May 16, 2003

Intimations of Mortality

image copyright Fred First
Edinburgh Castle, May 14, 2001

Two years ago today, we were on our way home from Ireland (and for too brief a time, Scotland) after visiting our son Nathan (who arrived here on Goose Creek just last night for a short visit). At the time, he was an exchange student from his little college at Maryville, Tennessee to Queens University in Belfast, Northern Ireland. The Emerald Isle is everything we expected, and we had a wonderful trip. Except...

Before we left for the trip, I had managed to have a little 'episode' with my low back... a recurring aggravation that was more of a nuisance most of the time here around the place. But sitting was the position of least comfort, and we certainly were going to do more than our share of sitting in buses, cabs, trains and planes during the trip. Even so, I'd be okay; just had to stretch a lot, change positions often, avoid too much prolonged sitting.

I don't know. Guess it was the tight little front seat of the cab we took from the motel to the airport the day we left for home. My knees were almost in my face. Whatever the cause, the effect was one massively powerful cramping pain in my right thigh and calf unlike anything I've ever experienced in my life. I tried to carry on the conversation with the cabby while jamming my foot into the floorboard with every ounce of strength I could find to push the pain back. We reached the airport. I passed out from the pain. I could barely stand or walk. This was not good.

And for the next 20 hours, I was forced to sit, with an acute awareness of the exact distribution of my sciatic nerve. No pain meds, no ice. May 16, 2001 was without doubt the longest day of my life. For a week after we returned, I couldn't tolerate sitting behind the wheel to drive. Ann drove me to work (a brand new job, to boot) with me lying full back in the passenger's seat, feeling like a load of lumber in an ambulance. Tests showed nothing (no disc bulge etc). Save some calf weakness, I'm fully recovered now.

I apologize for dragging you along through my anniversary of miseries. But this is one of those Churchill kind of days that 'will live forevah in infamy' and thus is a part of the Fragmented Total Package of life that inhabits these pages. Today I am alive and very well, thank you, and will be rousting young Nate momentarily to press him into farming duties. The boy has a strong and healthy back, and the list is long!

Posted by fred1st at May 16, 2003 07:31 AM | TrackBack

Fred, I believe I took a photo from this same exact location when we were there several years ago. At the time there were loads of school kids playing in the yard far below. Thanks for the pleasant memory. (Sorry about the painful one.)

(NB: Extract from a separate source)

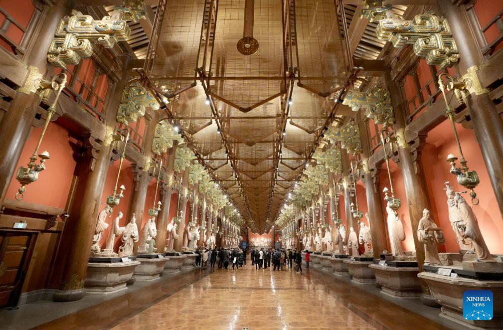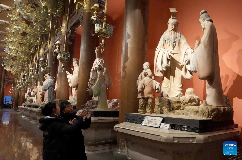 People watch sculptures at the Nishan Sacredland scenic spot in Qufu City of east China's Shandong Province, Dec. 13, 2023. The Nishan Sacredland scenic spot, located in Qufu City, started its construction in 2012 and opened its core area to the public in 2018. The scenic spot, a destination for exploring the Confucianism, received nearly 2 million tourists this year. (Xinhua/Wang Yuguo)

Posted by: sainteros at May 16, 2003 09:30 AM

Ouch, that hurt just reading about it!

Posted by: ronbailey at May 16, 2003 10:18 AM

Thanks for the photo, brought back loads of memories, thankfully, none of tyhem about back pain. How did you survive? Must be made of sterner stuff, Fred. Hope you have a great weekend.

Posted by: Alexandra at May 16, 2003 11:46 AM

I had also too a photo from that exact same spot, back in 1983. But a week later, I left my photo gear (and all my undeveloped film) on a train from London to Southhampton...

Posted by: Dave at May 16, 2003 12:42 PM


Posted by: Darren at May 17, 2003 07:22 AM

I have periodic bouts with my sciatic nerve; never so bad that I've passed out, but some bad enough that I wished I had. Not fun. BTW, wasn't that FDR who made the "infamy" speech?